Problem to work on — Begin your transcription at the line containing "Во время осмотра" and continue it, word for word, to the final line below. Include only those lines and skip the pictures.

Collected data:
==========

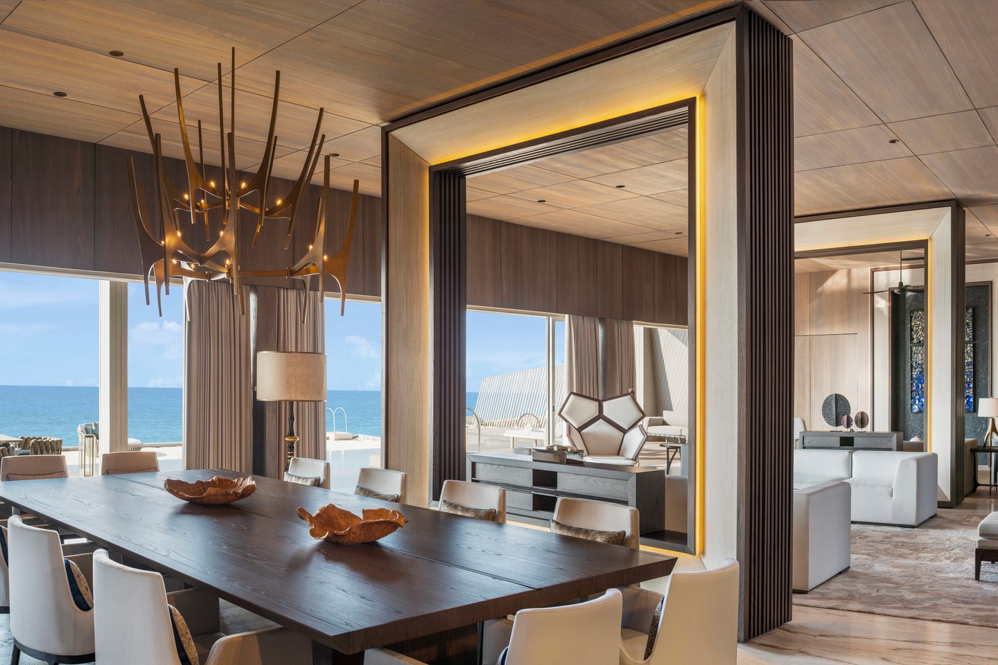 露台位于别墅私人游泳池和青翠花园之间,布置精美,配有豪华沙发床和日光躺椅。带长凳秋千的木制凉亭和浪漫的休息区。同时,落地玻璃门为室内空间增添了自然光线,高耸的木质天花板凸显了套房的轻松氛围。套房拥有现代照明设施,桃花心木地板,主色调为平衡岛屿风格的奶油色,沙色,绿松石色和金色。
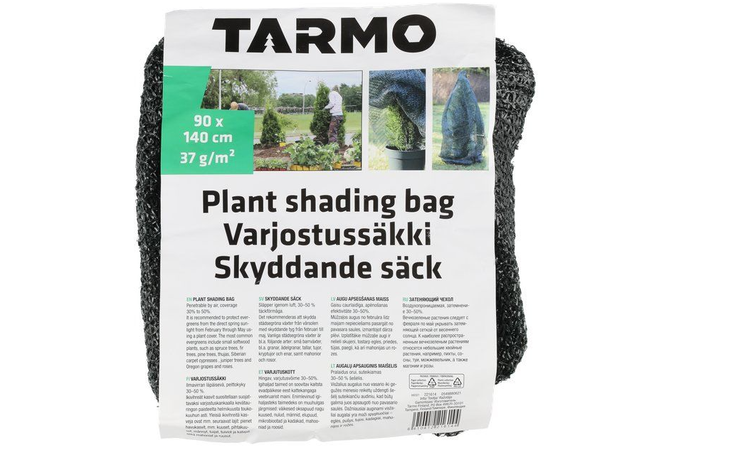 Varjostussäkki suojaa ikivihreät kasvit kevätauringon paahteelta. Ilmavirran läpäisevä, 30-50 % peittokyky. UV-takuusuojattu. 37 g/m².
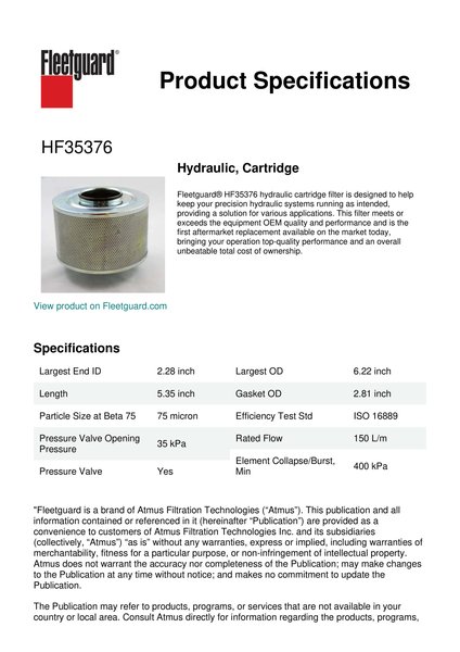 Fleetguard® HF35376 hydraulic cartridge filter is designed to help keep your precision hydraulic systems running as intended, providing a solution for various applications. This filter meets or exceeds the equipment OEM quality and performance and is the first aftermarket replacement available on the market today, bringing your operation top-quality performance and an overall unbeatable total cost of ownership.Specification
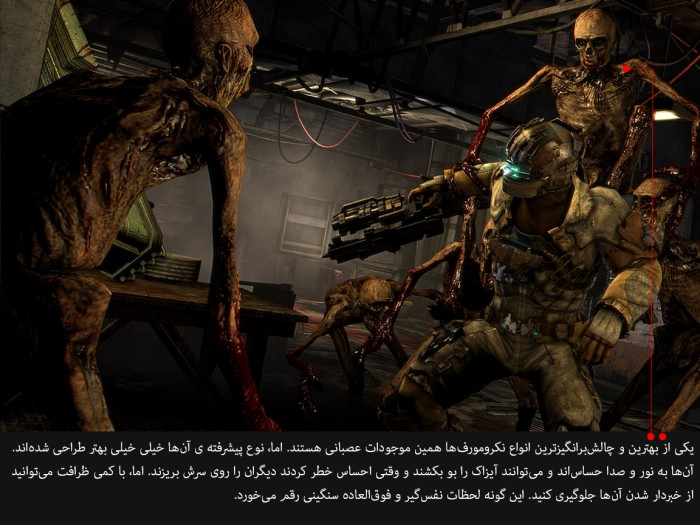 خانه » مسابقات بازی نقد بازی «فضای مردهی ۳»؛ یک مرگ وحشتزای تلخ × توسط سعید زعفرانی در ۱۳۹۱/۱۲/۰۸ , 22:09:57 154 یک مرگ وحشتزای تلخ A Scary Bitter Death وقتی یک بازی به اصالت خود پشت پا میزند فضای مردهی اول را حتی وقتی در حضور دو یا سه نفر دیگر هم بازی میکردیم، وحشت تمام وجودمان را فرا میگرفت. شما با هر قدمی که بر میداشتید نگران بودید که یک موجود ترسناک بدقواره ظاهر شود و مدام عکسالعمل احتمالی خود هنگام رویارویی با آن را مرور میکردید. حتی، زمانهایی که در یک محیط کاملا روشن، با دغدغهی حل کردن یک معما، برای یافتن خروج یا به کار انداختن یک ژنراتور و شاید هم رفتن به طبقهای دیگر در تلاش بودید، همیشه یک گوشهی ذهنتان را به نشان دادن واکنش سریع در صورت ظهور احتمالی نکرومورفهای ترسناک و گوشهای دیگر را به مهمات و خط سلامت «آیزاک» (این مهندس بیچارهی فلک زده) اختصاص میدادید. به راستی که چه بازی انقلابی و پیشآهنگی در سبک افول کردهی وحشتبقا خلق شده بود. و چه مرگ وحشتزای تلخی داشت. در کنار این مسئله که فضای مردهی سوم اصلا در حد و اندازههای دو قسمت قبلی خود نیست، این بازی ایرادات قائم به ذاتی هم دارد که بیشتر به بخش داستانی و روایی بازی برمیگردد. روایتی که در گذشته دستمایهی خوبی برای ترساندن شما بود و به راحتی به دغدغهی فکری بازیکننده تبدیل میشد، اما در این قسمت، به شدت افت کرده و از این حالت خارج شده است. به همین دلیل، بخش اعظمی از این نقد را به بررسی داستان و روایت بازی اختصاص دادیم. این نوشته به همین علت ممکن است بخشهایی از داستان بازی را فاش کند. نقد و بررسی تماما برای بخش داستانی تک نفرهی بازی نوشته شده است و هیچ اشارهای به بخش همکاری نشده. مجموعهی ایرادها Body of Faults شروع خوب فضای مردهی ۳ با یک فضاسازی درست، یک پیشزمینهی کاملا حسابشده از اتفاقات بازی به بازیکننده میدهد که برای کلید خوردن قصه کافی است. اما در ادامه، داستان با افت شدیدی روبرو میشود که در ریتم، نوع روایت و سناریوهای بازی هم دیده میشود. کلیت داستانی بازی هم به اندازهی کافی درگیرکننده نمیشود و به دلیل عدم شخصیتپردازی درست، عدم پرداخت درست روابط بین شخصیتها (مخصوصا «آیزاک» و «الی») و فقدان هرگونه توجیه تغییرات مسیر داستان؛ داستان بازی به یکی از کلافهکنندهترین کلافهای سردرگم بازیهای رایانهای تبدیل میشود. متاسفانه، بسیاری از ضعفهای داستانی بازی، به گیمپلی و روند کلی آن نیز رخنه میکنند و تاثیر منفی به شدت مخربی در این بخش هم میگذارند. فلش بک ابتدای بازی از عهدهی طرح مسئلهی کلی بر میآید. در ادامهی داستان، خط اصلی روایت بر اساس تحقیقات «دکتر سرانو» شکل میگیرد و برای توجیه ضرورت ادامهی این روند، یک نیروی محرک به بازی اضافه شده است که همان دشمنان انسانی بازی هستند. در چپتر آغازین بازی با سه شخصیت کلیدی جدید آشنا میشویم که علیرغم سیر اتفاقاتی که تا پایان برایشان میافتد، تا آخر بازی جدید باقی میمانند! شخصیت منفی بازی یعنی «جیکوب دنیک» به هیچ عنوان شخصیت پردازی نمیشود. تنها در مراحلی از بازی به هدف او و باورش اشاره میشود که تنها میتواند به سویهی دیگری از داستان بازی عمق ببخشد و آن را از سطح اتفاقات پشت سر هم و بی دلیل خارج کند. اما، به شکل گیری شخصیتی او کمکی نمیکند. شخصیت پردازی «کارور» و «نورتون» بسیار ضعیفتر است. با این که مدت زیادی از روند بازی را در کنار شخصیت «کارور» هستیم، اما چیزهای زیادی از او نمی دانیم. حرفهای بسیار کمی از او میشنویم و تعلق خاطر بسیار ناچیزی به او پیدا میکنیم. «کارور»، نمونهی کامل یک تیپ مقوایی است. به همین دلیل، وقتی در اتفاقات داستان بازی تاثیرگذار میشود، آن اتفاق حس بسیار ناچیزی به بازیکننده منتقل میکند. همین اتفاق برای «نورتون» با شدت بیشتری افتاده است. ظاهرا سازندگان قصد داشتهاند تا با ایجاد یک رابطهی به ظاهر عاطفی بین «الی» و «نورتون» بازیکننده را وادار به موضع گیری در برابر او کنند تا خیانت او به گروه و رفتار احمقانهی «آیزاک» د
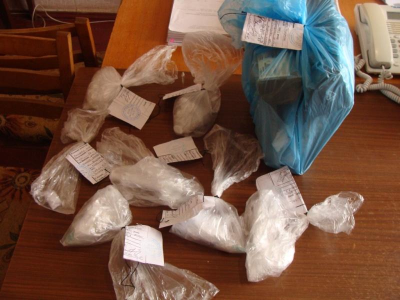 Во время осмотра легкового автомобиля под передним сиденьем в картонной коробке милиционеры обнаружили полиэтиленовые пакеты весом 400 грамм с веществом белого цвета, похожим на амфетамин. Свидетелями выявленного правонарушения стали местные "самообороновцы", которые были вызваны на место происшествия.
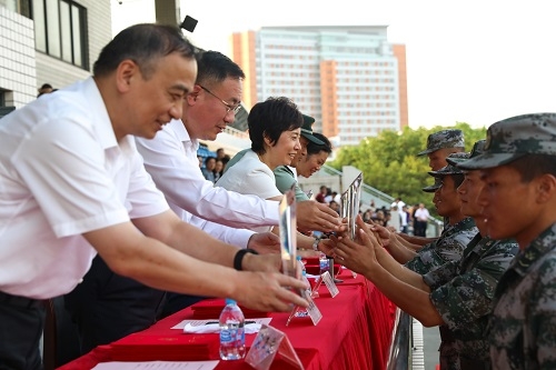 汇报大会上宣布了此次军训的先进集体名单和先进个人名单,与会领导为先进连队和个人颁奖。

==========

Output for this task —
 Во время осмотра легкового автомобиля под передним сиденьем в картонной коробке милиционеры обнаружили полиэтиленовые пакеты весом 400 грамм с веществом белого цвета, похожим на амфетамин. Свидетелями выявленного правонарушения стали местные "самообороновцы", которые были вызваны на место происшествия.
 汇报大会上宣布了此次军训的先进集体名单和先进个人名单,与会领导为先进连队和个人颁奖。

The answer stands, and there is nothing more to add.